2. Caldwell JR. Intra-articular corticosteroids. Guide to selection and indications for use. Drugs. 1996;52(4):507–514
3. Lavelle W, Lavelle ED, Lavelle L. Intra-articular injection. Med Clin North Am. 2007;91(2):241–250.
4. Cole, Brian and Harold R. Schumacher. “Injectable corticosteroids in modern practice.” The Journal of the American Academy of Orthopaedic Surgeons 13 1 (2005): 37-46.
5. Derby R, Lee SH, Date ES, Lee JH, Lee CH. Size and aggregation of corticosteroids used for epidural injections. Pain Med. 2008; 9:227-34.
6. Lento P, Ihm J, Kennedy D, Visco C. Peripheral Joint and Soft Tissue Injection Techniques. In Chan L, et al, eds. Braddom’s Physical Medicine & Rehabilitation. 4th Philadelphia, PA: Saunders; 2011:517-540.
7. Centeno LM, Moore ME (1994) Preferred intraarticular corticosteroids and associated practice: a survey of members of the American College of Rheumatology. Arthritis Care Res 7:151–155.
8. Miller JH, White J, Norton TH: The value of intra-articular injections in osteoarthritis of the knee. J Bone Joint Surg Br 1958;40:636-643.

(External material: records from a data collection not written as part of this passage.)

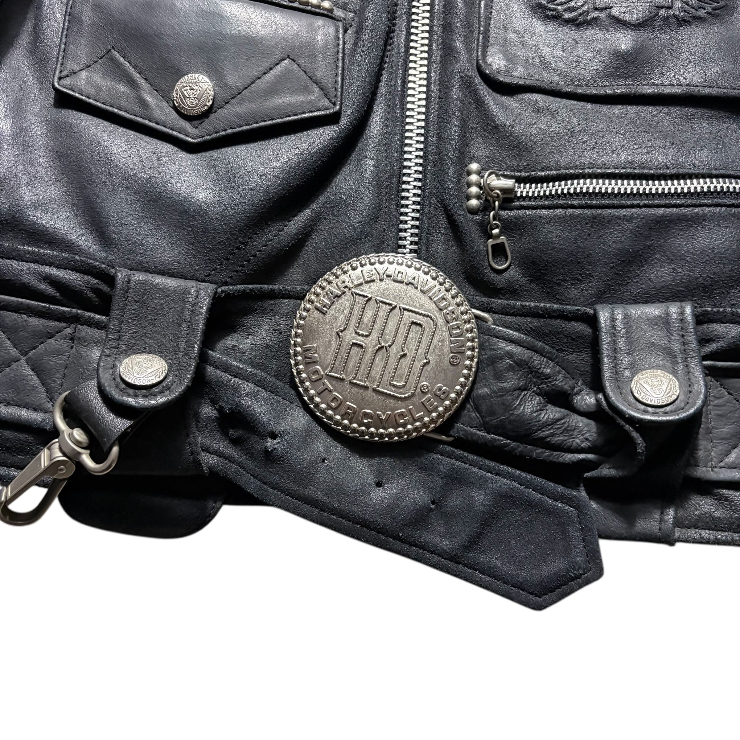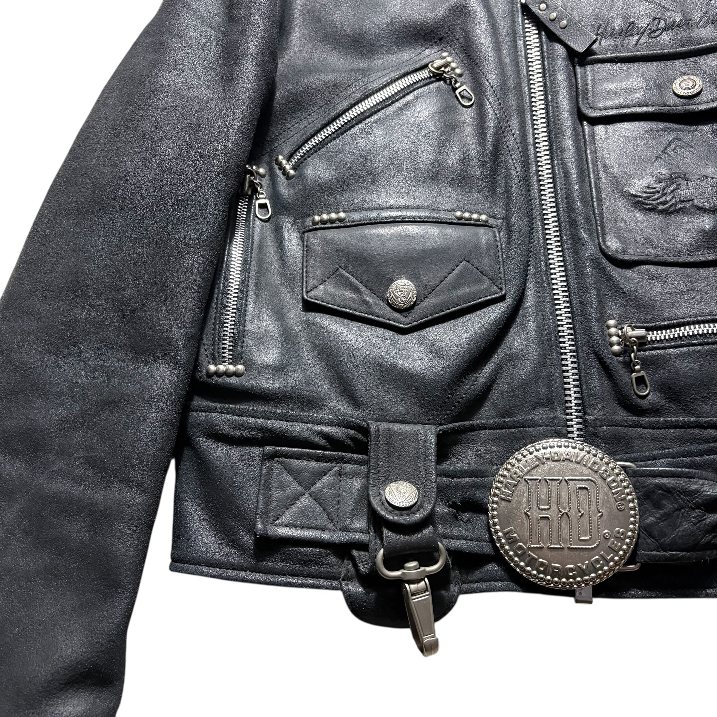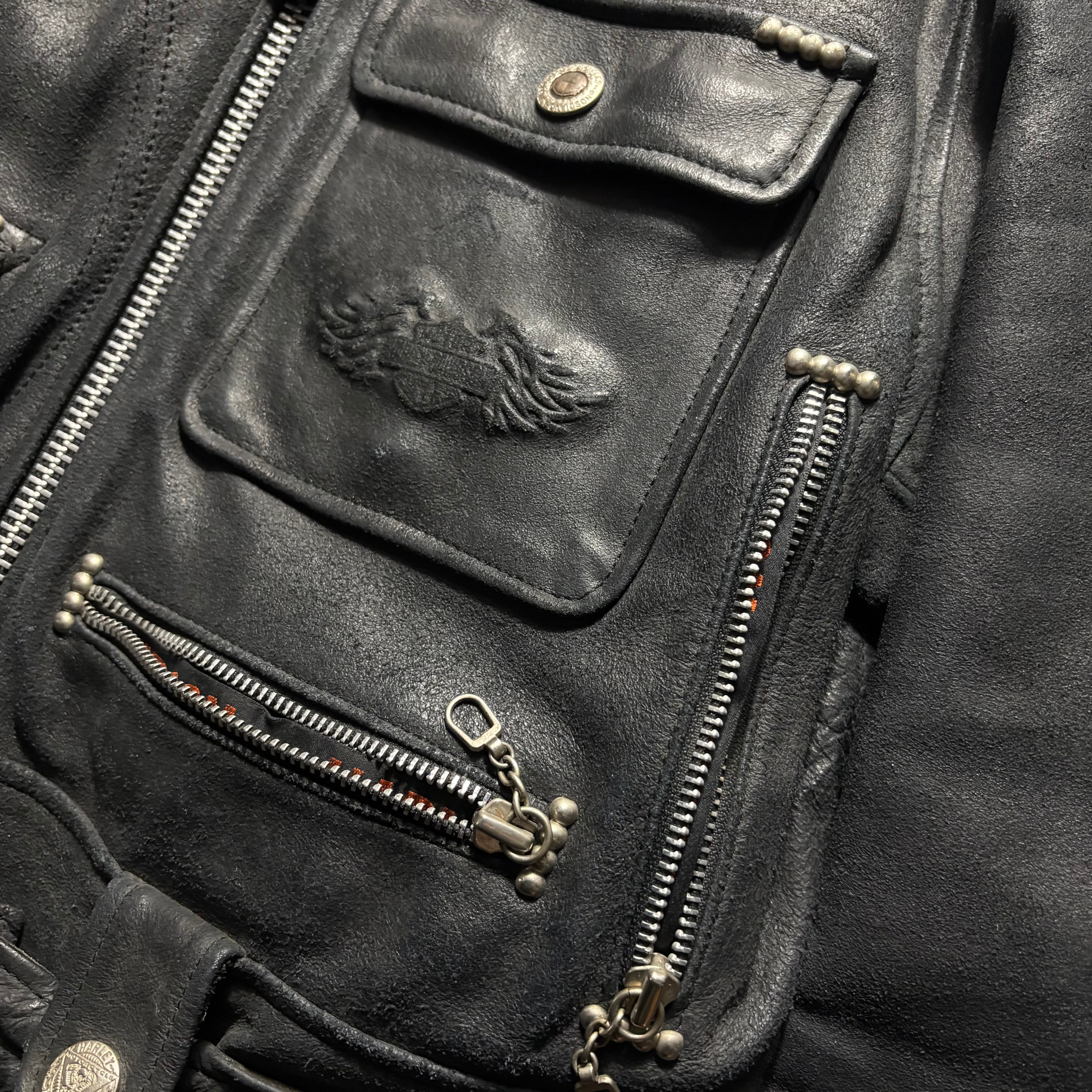 HARLEY-DAVIDSON black crack leather riders jacket
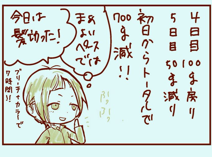 昨日の絵日記の続きを描いて4コマにしました。1日で400g減。このクオリティならスラスラ描けるかも。
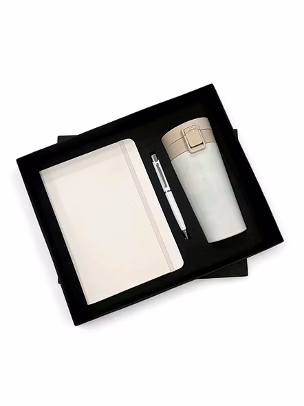 Enhance your daily productivity with our versatile 3 in 1 Combo Set featuring an elastic diary, a sleek click pen, and a stylish tumbler. Stay organized, creative, and hydrated throughout your day.
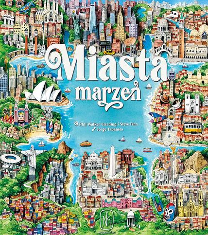 Miasta marzeń / autorzy: Phil Walker-Harding i Steve Finn ; ilustracje: Jorge Tabanera. - Warszawa-Wesoła : Wydawnictwo Nasza Księgarnia, © 2024. - 1 pudełko (32 fragmenty dzielnic, 4 startowe fragmenty dzielnic, 48 atrakcji, gwiazdka, 8 miast, woreczek, 4 karty pomocy, 100 budynków, 32 robotników, 12 znaczników celów, 4 znaczniki punktów, 32 karty celów, plansza, instrukcja) : ilustracje ; 23x23x7 cm.
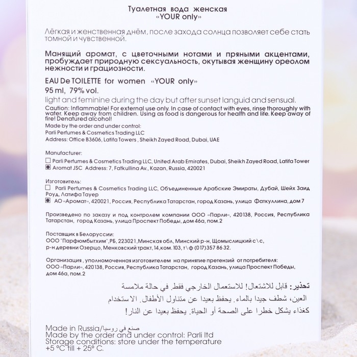 Туалетная вода женская YOUR Only - это манящий аромат, с цветочными нотами и пряными акцентами.
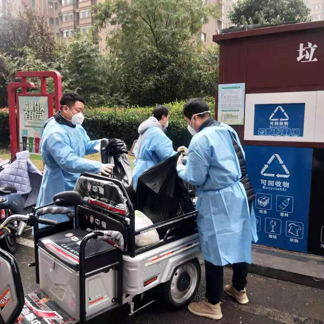 在萬潤社區藍天華僑城,金航和神特公司的志愿者們變身環衛工人,轉運轄區集中隔離點和居家隔離單元生活垃圾,并負責對轄區集中隔離點以及居家隔離小區單元的生活垃圾進行專業化消殺與轉運,確保小區垃圾日產日清,全程多次消毒消殺,閉環無縫轉運。
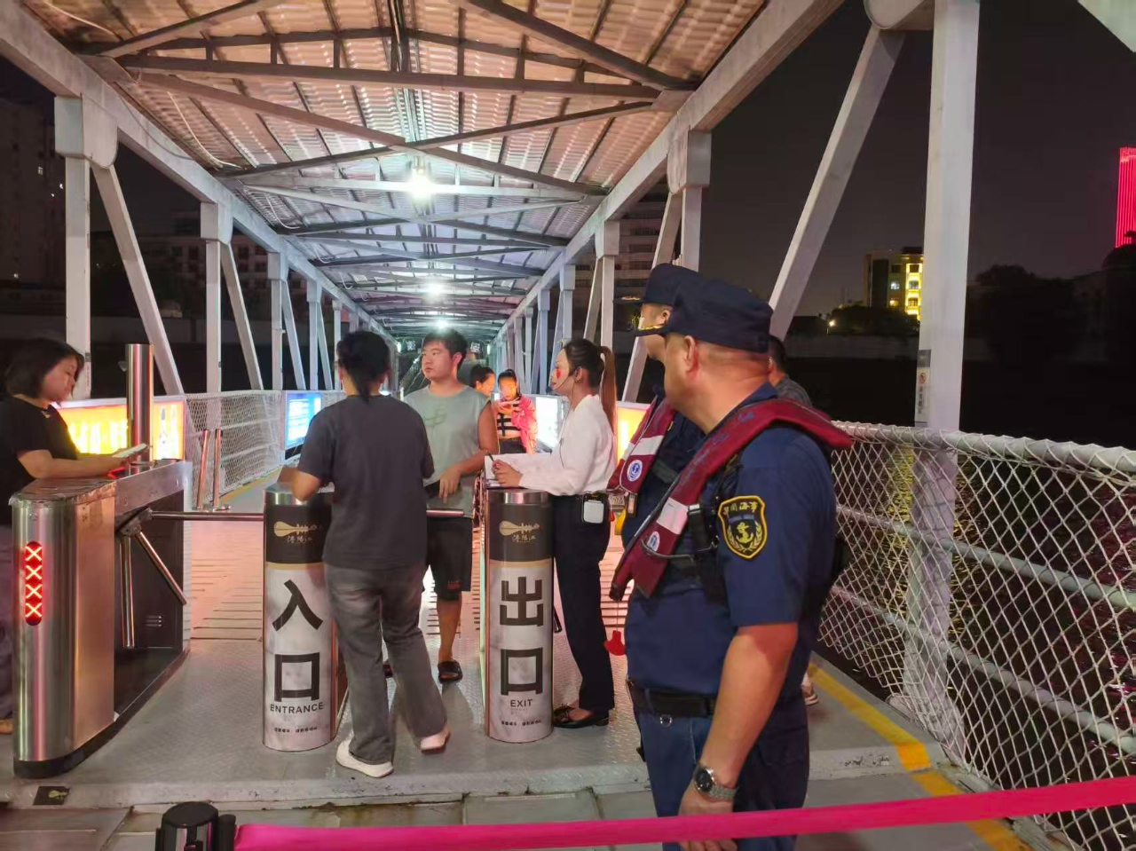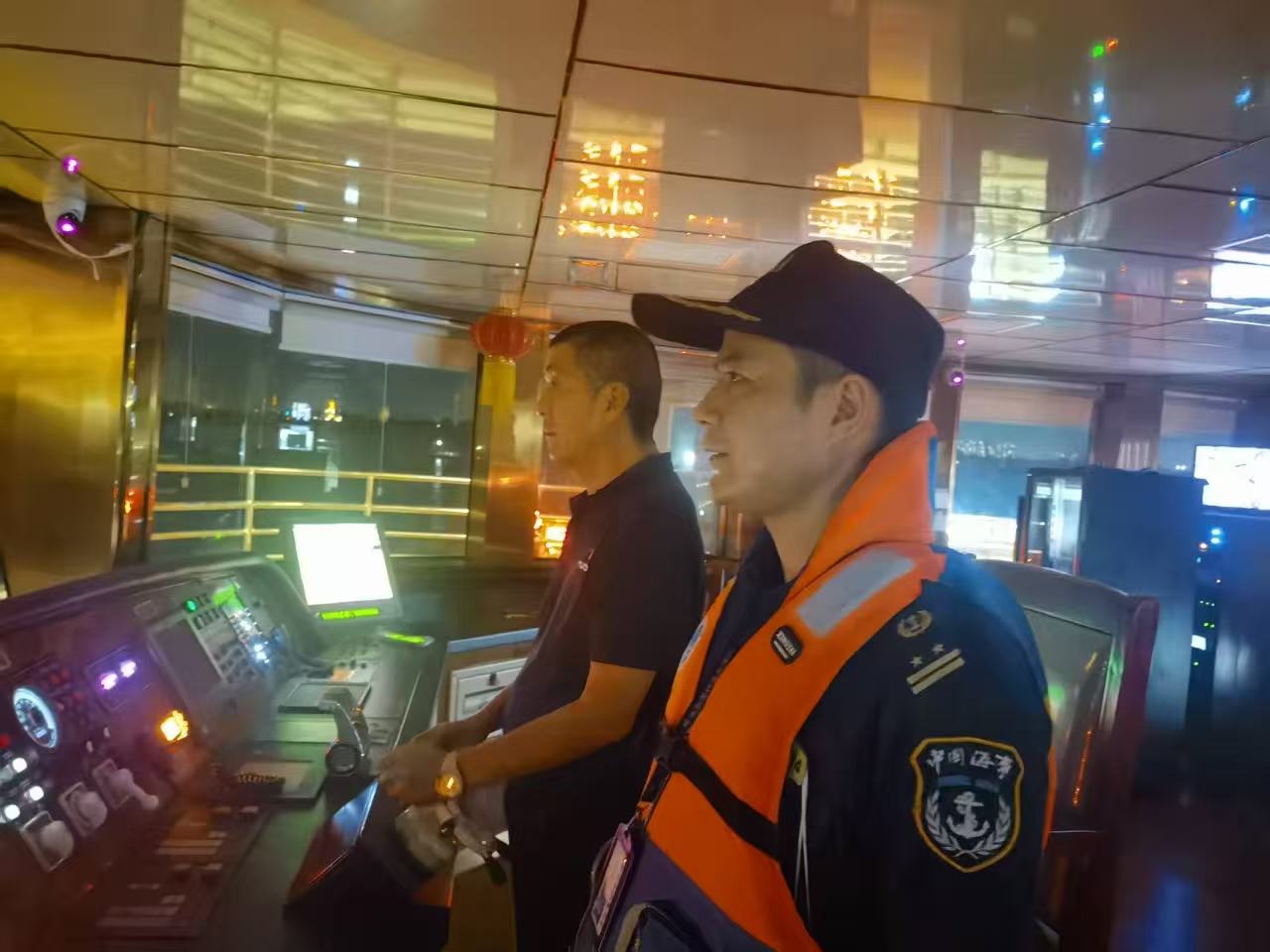 開航后,一名執法人員跟船監管,其他執法人員乘坐海巡艇現場護航。通過甚高頻播發航行警告,要求通過九江港區的上下水船舶注意瞭望,加強動態聯系。在“潯陽江號”通過九江長江大橋水域等重點水域時,執法人員點對點聯系進行動態抽查,督促其遵守橋區通航秩序。隨船監管執法人員在船提醒船方工作人員加強全船安全巡查,注意維護露天甲板及兩側走廊的乘客觀光秩序,避免發生人員意外落水。
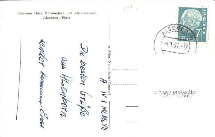 32036250 alte Postkarte Alsenborn Johannes Hess Buerobedarf und Schreibwaren postalisch gelaufen Erhaltung siehe scans KatCode: 11110007335004

9. Valtonen EJ. Clinical comparison of triamcinolone hexacetonide and betamethasone in the treatment of osteoarthrosis of the knee joint. Scan J Rheumatol Suppl 1981; 41: 1–7.
10. Pyne, D., Ioannou, Y., Mootoo, R., & Bhanji, A. (2004). Intra-articular steroids in knee osteoarthritis: A comparative study of triamcinolone hexacetonide and methylprednisolone acetate. Clinical Rheumatology, 23(2), 116-120.
11. Thorpe P: Intra-articular triamcinolone acetonide and methyprednisolone acetate in arthritis. Curr Ther Res 1985;38:513-518.
12. Bain LS, Balch HW, Wetherly JM, Yeadon A: Intraarticular triamcinolone hexacetonide: Double-blind comparison with methylprednisolone. Br J Clin Pract 1972;26:559-561.
13. Sambrook P, Champion G, Browne C et al. (1989) Corticosteroid injection for osteoarthritis of the knee:peripatellar compared to intra-articular route. Clin Rheumatol 7:609–613.
14. Bird HA, Ring EFJ, Bacon PA (1979) A thermographic and clinical comparison of three intra-articular steroid preparations in rheumatoid arthritis. Ann Rheum Dis 38:36–39.
15. Hepper CT, Halvorson JJ, Duncan STet al. The efficacy and duration of intra‐articular corticosteroid injection for knee osteoarthritis: a systematic review of level 1 studies. J Am Acad Orthop Surg 2009; 17: 638–46.
16. Wright V, Chandler GN, Morison RAH, Hartfall SJ. Intra‐articular therapy in osteo‐arthritis. Comparison of hydrocortisone acetate and hydrocortisone tertiary‐butylacetate. Annals of the Rheumatic Diseases 1960;19:257‐61.